The pathways involved in the development of levodopa-induced dyskinesia (LID). a In Parkinson’s disease patients with stable response to levodopa, dopamine transporter (DAT) takes up dopamine and it is stored in the presynaptic vesicles, via vesicular monoamine transporter 2 (VMAT2). As a consequence, dopamine levels remain relatively stable in the synaptic cleft, even after levodopa supplementation. Dopamine levels are maintained within a normal range as serotonergic terminals do not release dopamine excessively after levodopa supplementation, and DAT and noradrenaline transporter (NET) continue to take it up. At the postsynaptic level, the concentrations of dopaminergic, glutamatergic, adenosinergic, opioid and cannabinoid type 1 receptors are within the normal range. However, there is a decline in the concentration of phosphodiesterase 10A (PDE10A), which is an intracellular modulator of these receptors. b Parkinson’s disease patients with LIDs lack the capacity to store dopamine, as a result of reduced VMAT2 levels, and fail to take up dopamine, due to the loss of DAT. This is associated with increased dopamine levels in the synaptic cleft. Excessive and inappropriate release of dopamine from serotonergic terminals contributes to the sharp increase of dopamine concentration after levodopa supplementation. At the postsynaptic level, the concentrations of glutamatergic and adenosinergic receptors are increased and those of opioid receptors are reduced. The concentrations of D1, D2 and cannabinoid type 1 receptors are within the normal range. Compared with Parkinson’s disease patients with stable response to levodopa, there is a further decline of PDE10A concentration, which also correlates with the severity of dyskinesias. A2A-R adenosine A2A receptor, CB1-R cannabinoid receptor type 1, D1-R dopamine receptor D1, D2-R dopamine receptor D2, D3-R dopamine receptor D3, 5HT1A-R serotonin receptor 1A, NMDA-R N-methyl-d-aspartate receptor, opioid-R opioid receptor, SERT serotonin transporter

Molecular Imaging of the Dopaminergic System

Dopamine release can be measured by PET with [11C]raclopride, a D2 receptor antagonist radioligand which competes with endogenous dopamine for D2 receptor binding. Changes in D2 receptor availability, as reflected by a reduction of baseline [11C]raclopride levels after levodopa administration, allows indirect measurement of synaptic dopamine release. PD patients with LIDs showed increased dopamine release after the administration of levodopa compared with PD patients with stable response to levodopa [11, 38]. Greater reduction in putaminal [11C]raclopride levels has also been correlated with worse LIDs [39, 40••]. Also, PD patients with LIDs showed lower dopamine levels at 4 h from levodopa challenge, whereas PD patients with stable response to levodopa had unchanged putaminal dopamine levels [38]. This indicates that LIDs are associated with increased and fluctuating synaptic dopamine levels following levodopa administration [11, 38].

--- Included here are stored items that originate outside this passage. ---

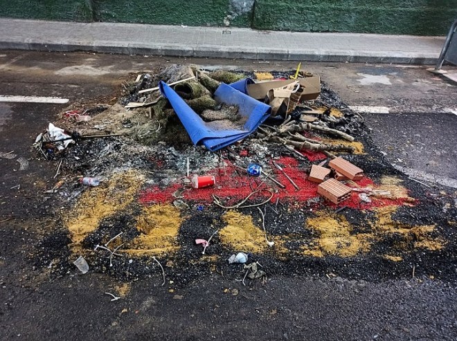 - zero ekologii – ten punkt zdecydowanie powinien widnieć na pierwszym miejscu. Chociaż oficjalnie te figury wykonywane są głównie z wosku, papieru i drewna, to na własne oczy widziałam, że znajdziemy tam też plastik, no i trudno też ukryć topiący się styropian… Efektem tego są kłęby czarnego dymu ulatniającego się nie tylko do naszych płuc, ale przede wszystkim do atmosfery. Wydawało mi się, że Hiszpanie są nowoczesnym krajem, nastawionym na ekologię i dbającym o swoje środowisko, ale jak widać żyłam w błędzie.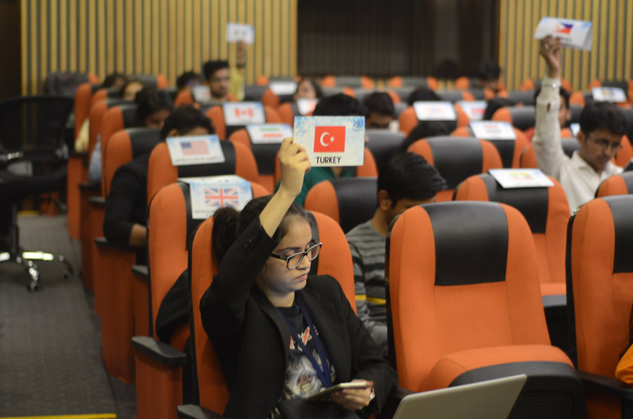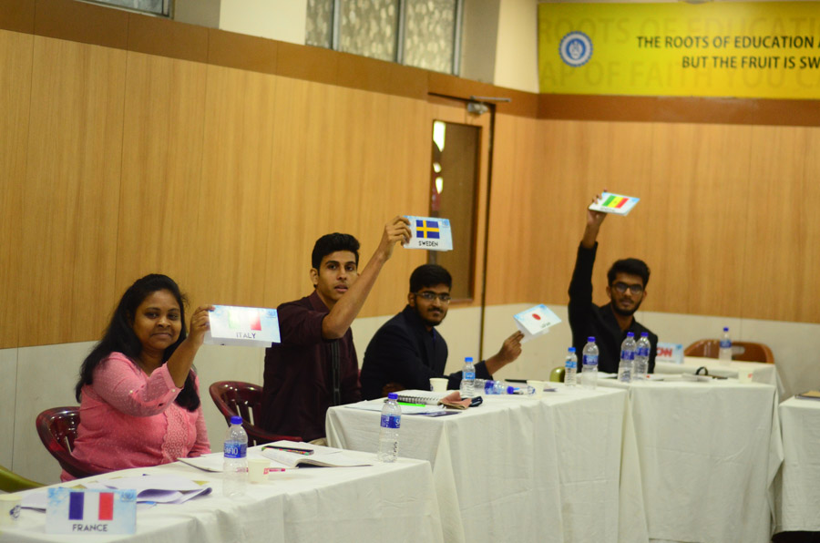 Over the next three days, students were exposed to spirited debates of intellectually stimulating content as members representing their respective Nation’s concerns elicited support and action in the three forums – the UN General assembly, The Security Council and the Rajya Sabha. The proceedings were conducted in strict accordance with an agenda that was prefixed and as per the established protocols of the committee. This was brought about by the painstaking work put in by the students for over a month preceding the actual conference.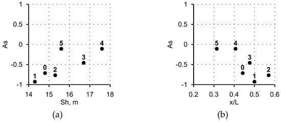 Dependence of (a) shoreline retreat (Sh, m) and (b) the relative distance of seaward sediment transport (x/L) on wave asymmetry (As) after wave transformation (near the shore, at the x-coordinate 820 m). L is the wavelength calculated for deep-water conditions, and x is the distance of maximal sediments transported away from the shore.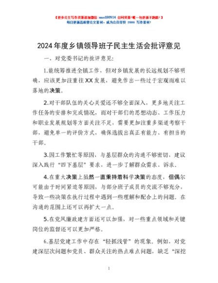 / 2024年度乡镇领导班子民主生活会批评意见

PET ligands for the presynaptic dopaminergic system such as [18F]fluorodopa ([18F]FDOPA), [18F]dihydrotetrabenazine, and [18F]fluoropropylcarbomethoxyiodophenylnortropane ([18F]FP-CIT) or [11C]methylphenidate ([11C]MP) are reliable tools to assess in vivo striatal AADC activity, the density of vesicular monoamine transporter 2 (VMAT2), and the availability of presynaptic dopamine transporters (DATs). The AADC catalyzes the decarboxylation of levodopa to dopamine, the VMAT2 is the vesicular transporter responsible for the transport of dopamine from the cytoplasm into secretory vesicles and a marker of dopamine storage in the dopaminergic terminals, and the DAT is responsible for the high-affinity uptake of dopamine from the synaptic cleft, respectively [41].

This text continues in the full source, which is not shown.